### Source data
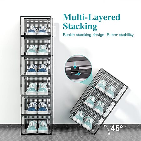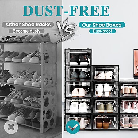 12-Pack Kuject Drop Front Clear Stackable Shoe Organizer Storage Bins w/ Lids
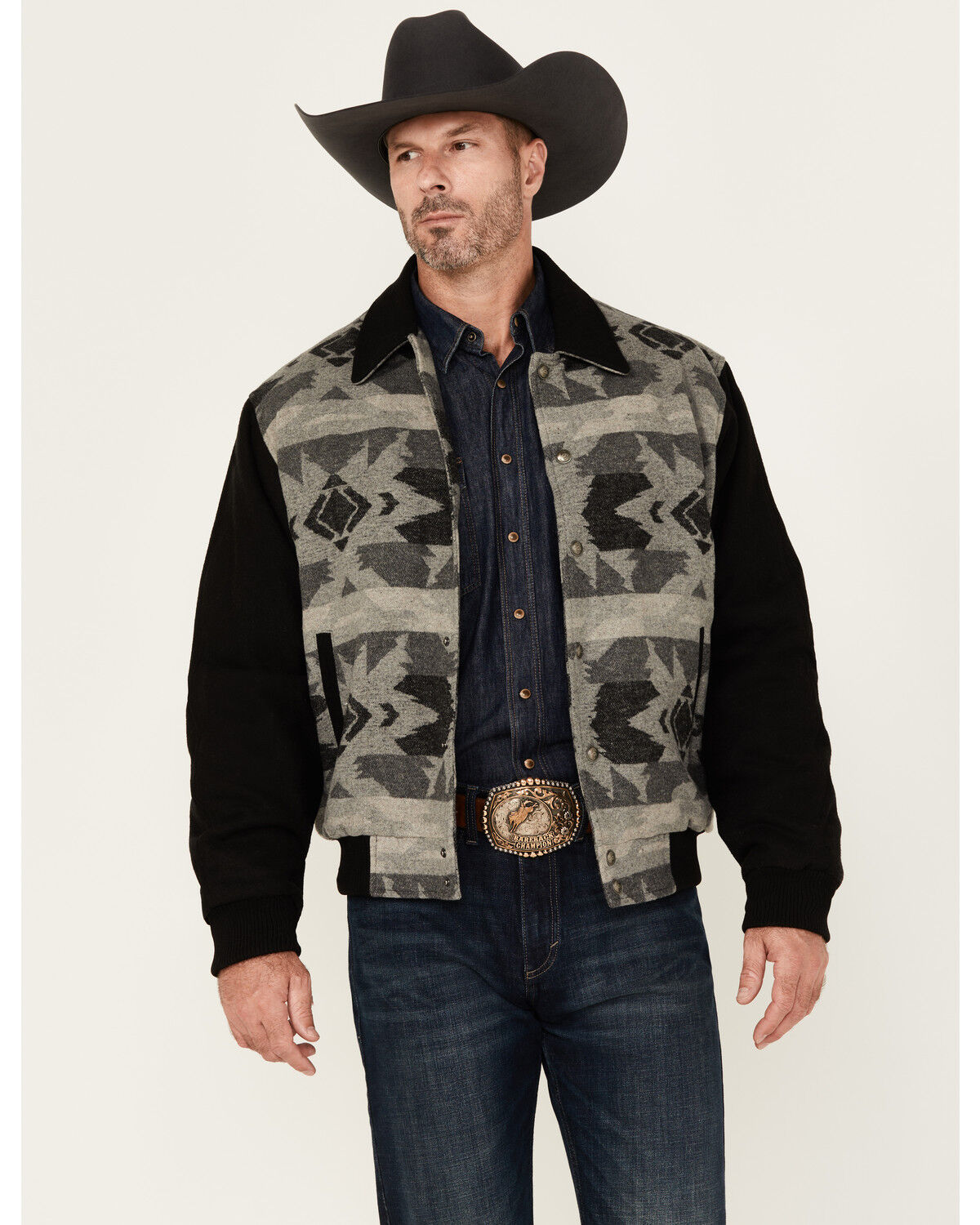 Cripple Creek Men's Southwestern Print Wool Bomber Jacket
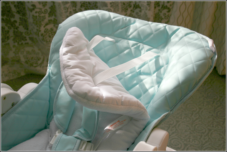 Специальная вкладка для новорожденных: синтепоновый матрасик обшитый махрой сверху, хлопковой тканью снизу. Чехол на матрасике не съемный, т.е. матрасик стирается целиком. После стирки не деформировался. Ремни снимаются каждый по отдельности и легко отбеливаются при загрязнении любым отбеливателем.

### Work order
Restate the data above exactly, stripping out each image.

### Solved problem
 12-Pack Kuject Drop Front Clear Stackable Shoe Organizer Storage Bins w/ Lids
 Cripple Creek Men's Southwestern Print Wool Bomber Jacket
 Специальная вкладка для новорожденных: синтепоновый матрасик обшитый махрой сверху, хлопковой тканью снизу. Чехол на матрасике не съемный, т.е. матрасик стирается целиком. После стирки не деформировался. Ремни снимаются каждый по отдельности и легко отбеливаются при загрязнении любым отбеливателем.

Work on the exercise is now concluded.